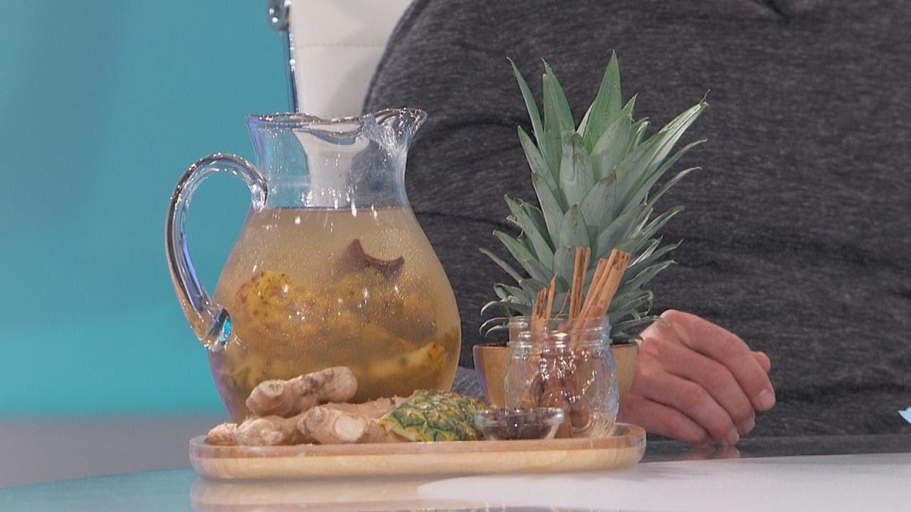 The Doctors share the possible therapeutic benefits to drinking tea made from the skin of pineapples, which contains the enzyme bromelain which is to be a digestive aid, along with having anti-inflammatory and anti-bruising properties.
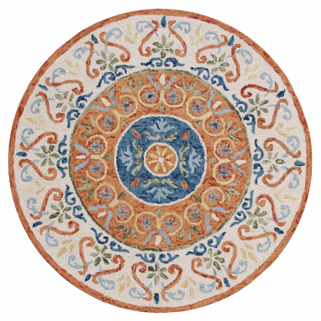 Teeming with traditional patterns in a vivid color palette, this Round Orange Traditional Medallion Area Rug will instantly spruce up your living space with a playful touch. The beautifully designed decorative patterns in burnt orange, blue, and white create a charming medallion that will entice the eye. This rug is hand-tufted with 100% wool to ensure durability and significant insulating properties, making it suitable for use in both cold and warm climates. The soft and medium pile construction provides a lustrous surface texture, making it an excellent floor accent in areas with moderate foot traffic. If you lean towards traditional elegance but need something cheerful as well, then this lovely round area rug will do the trick for you! 72”
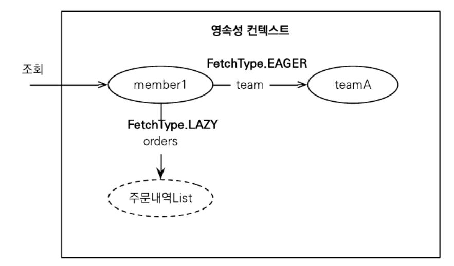 - 회원과 팀은 조인 쿼리를 통해 함께 조회되고, 회원과 주문 내역은 주문 내역에 대한 결과를 프록시 객체로 반환한다. 따라서 회원을 조회했을 때, 주문 내역은 SQL 쿼리에 나타나지 않는다.
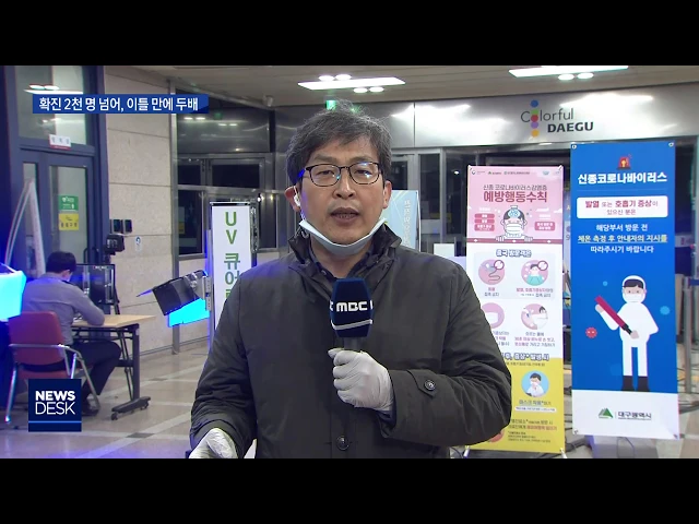 ◀ANC▶대구에서는 코로나 19 확진환자가2천 명을 훌쩍 넘어서이틀 만에 두 배가 됐습니다.사망자도 17명으로 늘었습니다.대구시청에 나가있는 취재기자 연결합니다.도건협 기자! (네, 대구시청입니다.)안타까운 소식이 연일 나오는데요.숨진 분은 평소 앓고 있던 병이 있었나요?◀END▶◀도 건 협▶네. 오늘 오전 7시 20분...
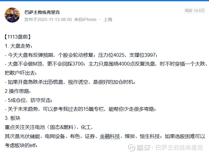今天這種大漲算是符合甚至超出盤(pán)前的預期,可惜開(kāi)盤(pán)下殺的時(shí)候,我還在電梯里,沒(méi)法抄底做個(gè)T;不過(guò)從技術(shù)結構和昨天下午汪汪隊的動(dòng)作來(lái)看,我對今天的大盤(pán)非常有信心;早上有人問(wèn)支撐位3997是不是寫(xiě)錯了,當然沒(méi)有寫(xiě)錯,大盤(pán)跌破了一下支撐位也只是為了誘空而已;
****
ASSIGNMENT: Dropping every picture, restate the material word for word.

ANSWER BOX:
 The Doctors share the possible therapeutic benefits to drinking tea made from the skin of pineapples, which contains the enzyme bromelain which is to be a digestive aid, along with having anti-inflammatory and anti-bruising properties.
 Teeming with traditional patterns in a vivid color palette, this Round Orange Traditional Medallion Area Rug will instantly spruce up your living space with a playful touch. The beautifully designed decorative patterns in burnt orange, blue, and white create a charming medallion that will entice the eye. This rug is hand-tufted with 100% wool to ensure durability and significant insulating properties, making it suitable for use in both cold and warm climates. The soft and medium pile construction provides a lustrous surface texture, making it an excellent floor accent in areas with moderate foot traffic. If you lean towards traditional elegance but need something cheerful as well, then this lovely round area rug will do the trick for you! 72”
 - 회원과 팀은 조인 쿼리를 통해 함께 조회되고, 회원과 주문 내역은 주문 내역에 대한 결과를 프록시 객체로 반환한다. 따라서 회원을 조회했을 때, 주문 내역은 SQL 쿼리에 나타나지 않는다.
 ◀ANC▶대구에서는 코로나 19 확진환자가2천 명을 훌쩍 넘어서이틀 만에 두 배가 됐습니다.사망자도 17명으로 늘었습니다.대구시청에 나가있는 취재기자 연결합니다.도건협 기자! (네, 대구시청입니다.)안타까운 소식이 연일 나오는데요.숨진 분은 평소 앓고 있던 병이 있었나요?◀END▶◀도 건 협▶네. 오늘 오전 7시 20분...
今天這種大漲算是符合甚至超出盤(pán)前的預期,可惜開(kāi)盤(pán)下殺的時(shí)候,我還在電梯里,沒(méi)法抄底做個(gè)T;不過(guò)從技術(shù)結構和昨天下午汪汪隊的動(dòng)作來(lái)看,我對今天的大盤(pán)非常有信心;早上有人問(wèn)支撐位3997是不是寫(xiě)錯了,當然沒(méi)有寫(xiě)錯,大盤(pán)跌破了一下支撐位也只是為了誘空而已;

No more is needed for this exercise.